**Information shown:**

◇ ◇ ◇ ◇ ◇ ◇ ◇

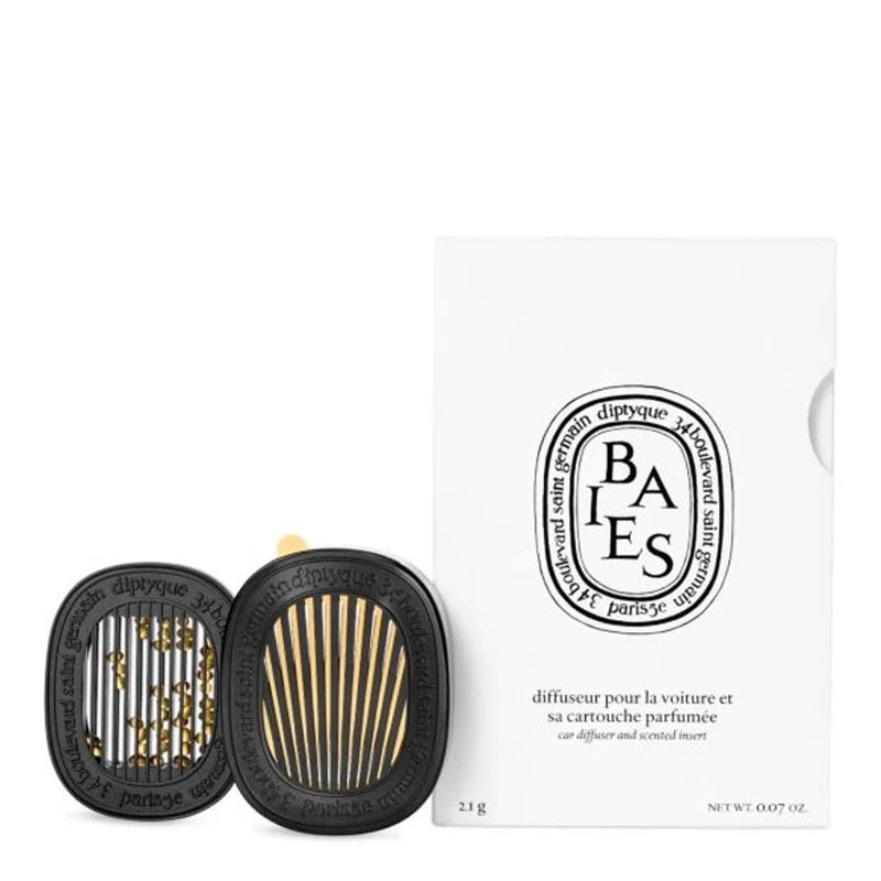Enhance your driving experience with the Diptyque – Un Air de Diptyque – Baies – Car Diffuser Set. This luxurious set includes an innovative car diffuser and a berry-scented insert, perfect for infusing your vehicle with a delightful fruity fragrance.
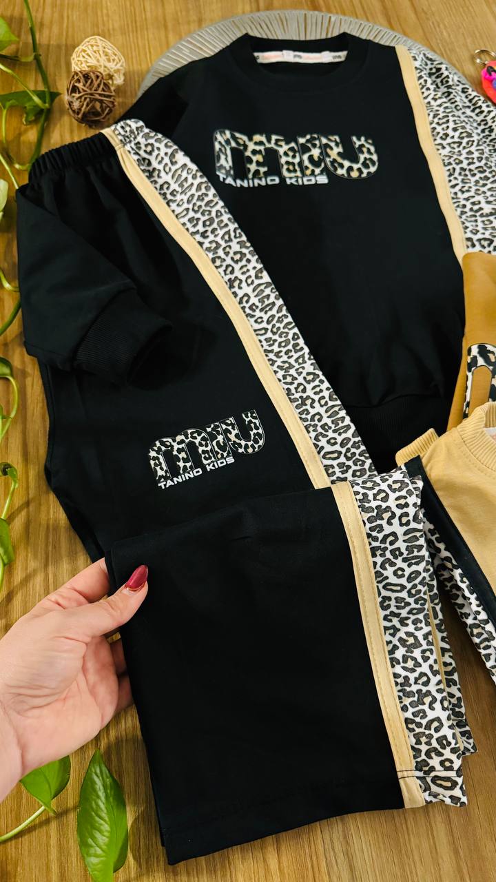 ست بلوز و شلوار بگ دخترانه با طراحی خاص پلنگی، مناسب دختران ۶ تا ۱۵سال. انتخابی شیک برای استایل اسپرت، روزمره و فشن شوست بلوز و شلوار بگ دخترانه یکی از ترندهای خاص و جذاب دنیای لباس دخترانه است که با طراحی مدرن و الهامگرفته از فشن شوهای روز، انتخابی ایدهآل برای دختران نوجوان بهویژه سنین ۶ تا ۱۵ سال محسوب میشود.این ست شامل بلوز آستینبلند با چاپ لوگوی خاص و شلوار بگ راحت است که با ترکیب رنگ کرم و جزئیات پلنگی، جلوهای شیک و متفاوت ایجاد کرده است. فرم آزاد شلوار باعث راحتی کامل در حرکت شده و برای استفاده روزمره، دورهمیها، استایل خیابانی و حتی اجرای فشن شو کاملاً مناسب است.
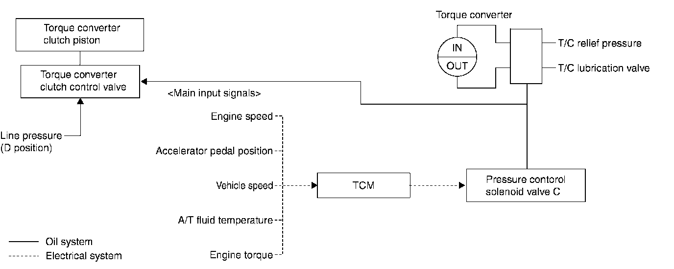 The torque converter clutch piston in the torque converter is engaged to eliminate torque converter slip to increase power transmission efficiency The torque converter clutch control valve operation is controlled by the pressure control solenoid valve C, which is controlled by a signal from TCM, and the torque converter clutch control valve engages or releases the torque converter clutch piston.

◇ ◇ ◇ ◇ ◇ ◇ ◇

Leave the pictures out and output the rest of the data word for word.

**Reply to the exercise:**
Enhance your driving experience with the Diptyque – Un Air de Diptyque – Baies – Car Diffuser Set. This luxurious set includes an innovative car diffuser and a berry-scented insert, perfect for infusing your vehicle with a delightful fruity fragrance.
 ست بلوز و شلوار بگ دخترانه با طراحی خاص پلنگی، مناسب دختران ۶ تا ۱۵سال. انتخابی شیک برای استایل اسپرت، روزمره و فشن شوست بلوز و شلوار بگ دخترانه یکی از ترندهای خاص و جذاب دنیای لباس دخترانه است که با طراحی مدرن و الهامگرفته از فشن شوهای روز، انتخابی ایدهآل برای دختران نوجوان بهویژه سنین ۶ تا ۱۵ سال محسوب میشود.این ست شامل بلوز آستینبلند با چاپ لوگوی خاص و شلوار بگ راحت است که با ترکیب رنگ کرم و جزئیات پلنگی، جلوهای شیک و متفاوت ایجاد کرده است. فرم آزاد شلوار باعث راحتی کامل در حرکت شده و برای استفاده روزمره، دورهمیها، استایل خیابانی و حتی اجرای فشن شو کاملاً مناسب است.
 The torque converter clutch piston in the torque converter is engaged to eliminate torque converter slip to increase power transmission efficiency The torque converter clutch control valve operation is controlled by the pressure control solenoid valve C, which is controlled by a signal from TCM, and the torque converter clutch control valve engages or releases the torque converter clutch piston.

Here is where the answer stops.